Le rapport d’analyse présenté, le mardi 7 mars, par le Comité chargé du suivi du Plan gouvernemental de l’Egalité est plutôt alarmant. Suite à 37 points constatés, le CSPGE déduit « l’absence de la volonté politique nécessaire pour traduire dans la réalité les dispositions constitutionnelles en matière des droits des femmes et d’égalité entre les sexes ». Quel constat peut-on faire surtout après le passage du gouvernement islamiste dont l’ancien chef de gouvernement ne cachait pas ses positions quant à la femme ?

– Je vais résumer le bilan de ce gouvernement en matière d’égalité entre les sexes, en trois chiffres. En 2011, on était classés 129e sur 145 pays dans ce qu’on appelle le gender gap, dans le rapport publié par le Forum économique mondial, chaque année, sur les écarts et les discriminations en matière de genre. En 2015, on a rétrogradé à la 139e place et en 2016, on est passés à la 137e place. Cela veut tout dire. Parmi les causes fondamentales de cette régression, il y a d’abord la baisse du taux de participation à la vie économique et les discriminations en matière d’éducation alors qu’on a constaté une légère amélioration en matière de ségrégation dans le domaine de la santé et celui de la représentation politique parce qu’effectivement, il y a eu un effort comme je l’ai souligné.
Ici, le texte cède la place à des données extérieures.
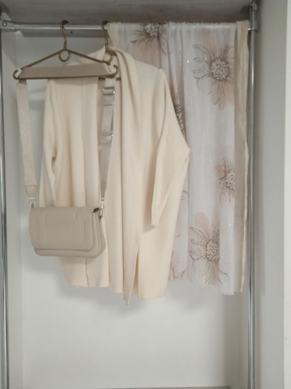Стильный однотонный кардиган с длинным рукавом приятного молочного цвета. Теплый и комфортный. Приятный на ощупь. Фактурная машинная вязка. Нить средней толщины с легким ворсом. Ложится свободно. Фасон прямой. Без застежки. Плечи спущены. Стильно смотрится с шарфом в тон в комплекте (шарф может быть заменен, но в цвете). Есть размеры. 56р на пог-60-62 54р на пог-58-60 52р на пог-56-58 Длина-80см

Pour conclure, quel est votre mot de la fin à propos de l’expérience marocaine d’intégration de la femme au développement ? Peut-on parler d’un échec des politiques publiques en matière de promotion de la femme ?

-Je dirais que c’est un bilan en demi- teinte. Il y a eu des efforts mais qui se sont révélés insuffisants. Par contre, on peut relever une absence de volonté politique, notamment, depuis l’arrivée du gouvernement islamo-conservateur. C’est une lutte de longue haleine, et la marche vers l’égalité est tout sauf un long fleuve tranquille. Pour moi, la reconduction des islamistes à la tête du gouvernement n’augure rien de bon. Au contraire, ceci doit nous inciter toutes et tous à plus de vigilance et de mobilisation.